• [SUPPLIED INFORMATION]

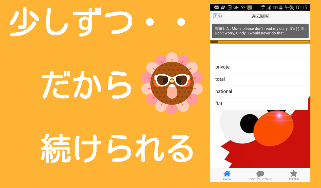 このアプリは英検準2級の合格をめざすための無料学習アプリです。練習問題は60問電車の中など1日10分程度でコツコツできます。
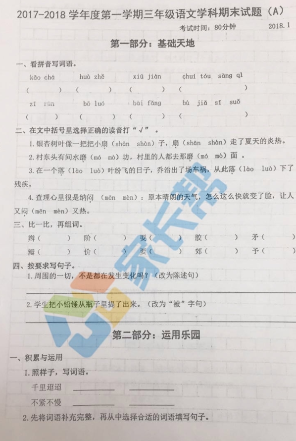 2017-2018济南天桥区三年级语文期末试题
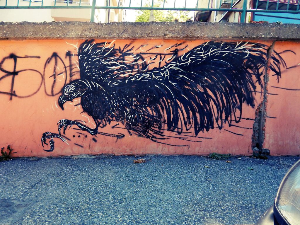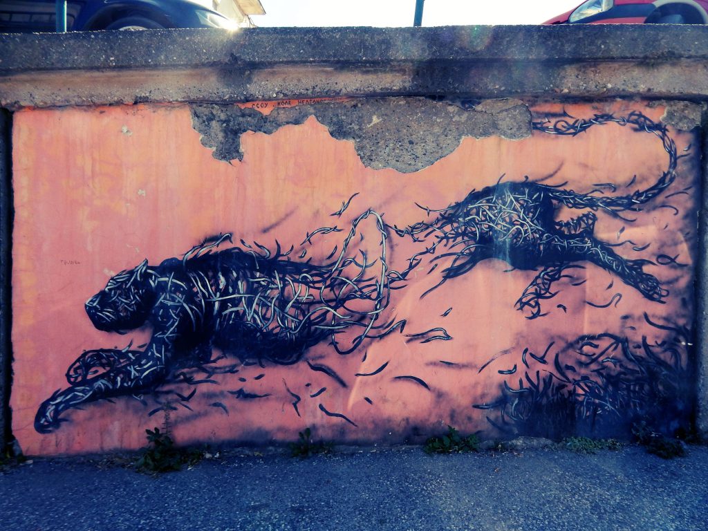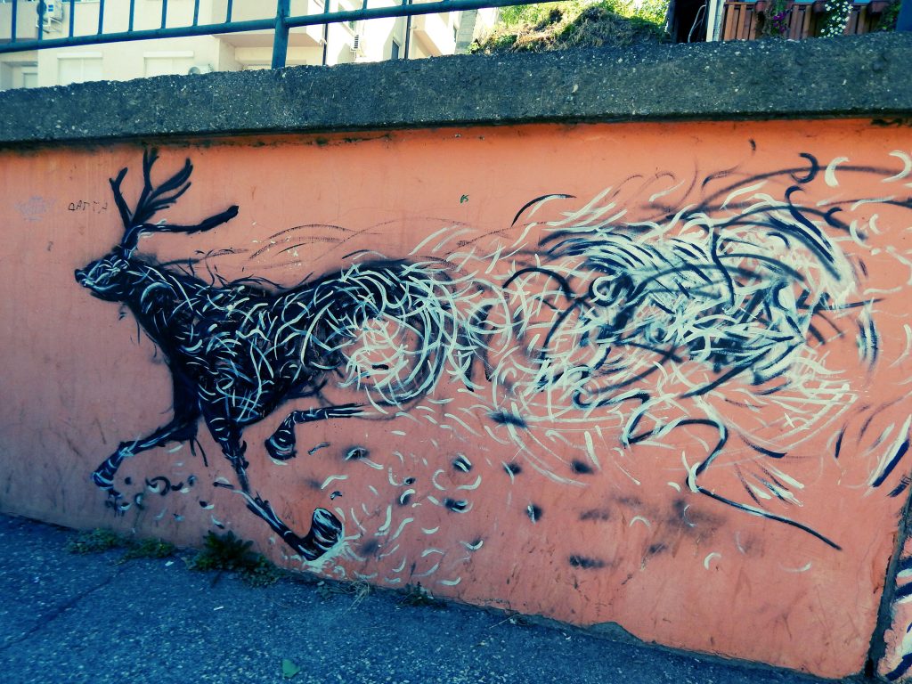 Фасадите крај главниот пат – имаат тотален Карпош/Острово вајб. Тука конечно налетувам на низа мурали од ученици (од повеќе училишта), сите во сличен – ама одличен! – експресивен реализам со апстрактни елементи: орел, елен, очи, бранови, птици, коњи, гепард…
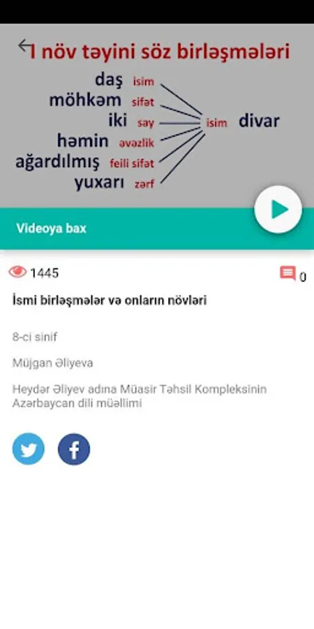 Portalda video dərslər fənn və siniflər üzrə yerləşdirilib. İstifadəçilər fənn seçdikdən sonra sinif, daha sonra isə fəsil və mövzu seçə bilirlər. Video dərsi izlədikdən sonra qiymətləndirmə sistemli materiallar ilə əldə edilmiş bilikləri qiymətləndirmək, videonu şərh etmək və sual ünvanlamaq mümkündür.

• [PROBLEM STATEMENT]
Leave out the pictures and return the listing exactly.

• [RESPONSE AREA]
 このアプリは英検準2級の合格をめざすための無料学習アプリです。練習問題は60問電車の中など1日10分程度でコツコツできます。
 2017-2018济南天桥区三年级语文期末试题
 Фасадите крај главниот пат – имаат тотален Карпош/Острово вајб. Тука конечно налетувам на низа мурали од ученици (од повеќе училишта), сите во сличен – ама одличен! – експресивен реализам со апстрактни елементи: орел, елен, очи, бранови, птици, коњи, гепард…
 Portalda video dərslər fənn və siniflər üzrə yerləşdirilib. İstifadəçilər fənn seçdikdən sonra sinif, daha sonra isə fəsil və mövzu seçə bilirlər. Video dərsi izlədikdən sonra qiymətləndirmə sistemli materiallar ilə əldə edilmiş bilikləri qiymətləndirmək, videonu şərh etmək və sual ünvanlamaq mümkündür.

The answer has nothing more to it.